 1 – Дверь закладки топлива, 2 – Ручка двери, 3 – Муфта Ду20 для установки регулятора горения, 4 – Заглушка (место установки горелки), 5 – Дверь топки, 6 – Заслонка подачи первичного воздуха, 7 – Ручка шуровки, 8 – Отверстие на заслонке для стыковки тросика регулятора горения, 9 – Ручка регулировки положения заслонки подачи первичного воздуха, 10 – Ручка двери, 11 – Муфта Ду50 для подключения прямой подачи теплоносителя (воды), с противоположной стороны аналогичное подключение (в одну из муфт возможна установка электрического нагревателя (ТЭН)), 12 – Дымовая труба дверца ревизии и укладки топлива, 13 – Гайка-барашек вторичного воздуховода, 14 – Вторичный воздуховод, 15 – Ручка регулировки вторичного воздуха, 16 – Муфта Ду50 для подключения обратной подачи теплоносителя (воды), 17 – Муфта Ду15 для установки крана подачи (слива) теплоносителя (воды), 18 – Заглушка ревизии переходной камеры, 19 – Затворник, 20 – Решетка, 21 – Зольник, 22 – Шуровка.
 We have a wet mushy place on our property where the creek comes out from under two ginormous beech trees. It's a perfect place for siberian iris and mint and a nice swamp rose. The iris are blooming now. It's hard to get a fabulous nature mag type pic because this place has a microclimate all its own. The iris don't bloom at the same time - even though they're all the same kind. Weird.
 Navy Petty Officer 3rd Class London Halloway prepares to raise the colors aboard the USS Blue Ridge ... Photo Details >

:::

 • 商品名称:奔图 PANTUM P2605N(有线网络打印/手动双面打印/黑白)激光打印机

:::

Exercise: Please output exactly the lines between the one holding "1 – Дверь закладки" and the one holding "Navy Petty Officer" in the records above, inclusive, and nothing more.

Written response:
 1 – Дверь закладки топлива, 2 – Ручка двери, 3 – Муфта Ду20 для установки регулятора горения, 4 – Заглушка (место установки горелки), 5 – Дверь топки, 6 – Заслонка подачи первичного воздуха, 7 – Ручка шуровки, 8 – Отверстие на заслонке для стыковки тросика регулятора горения, 9 – Ручка регулировки положения заслонки подачи первичного воздуха, 10 – Ручка двери, 11 – Муфта Ду50 для подключения прямой подачи теплоносителя (воды), с противоположной стороны аналогичное подключение (в одну из муфт возможна установка электрического нагревателя (ТЭН)), 12 – Дымовая труба дверца ревизии и укладки топлива, 13 – Гайка-барашек вторичного воздуховода, 14 – Вторичный воздуховод, 15 – Ручка регулировки вторичного воздуха, 16 – Муфта Ду50 для подключения обратной подачи теплоносителя (воды), 17 – Муфта Ду15 для установки крана подачи (слива) теплоносителя (воды), 18 – Заглушка ревизии переходной камеры, 19 – Затворник, 20 – Решетка, 21 – Зольник, 22 – Шуровка.
 We have a wet mushy place on our property where the creek comes out from under two ginormous beech trees. It's a perfect place for siberian iris and mint and a nice swamp rose. The iris are blooming now. It's hard to get a fabulous nature mag type pic because this place has a microclimate all its own. The iris don't bloom at the same time - even though they're all the same kind. Weird.
 Navy Petty Officer 3rd Class London Halloway prepares to raise the colors aboard the USS Blue Ridge ... Photo Details >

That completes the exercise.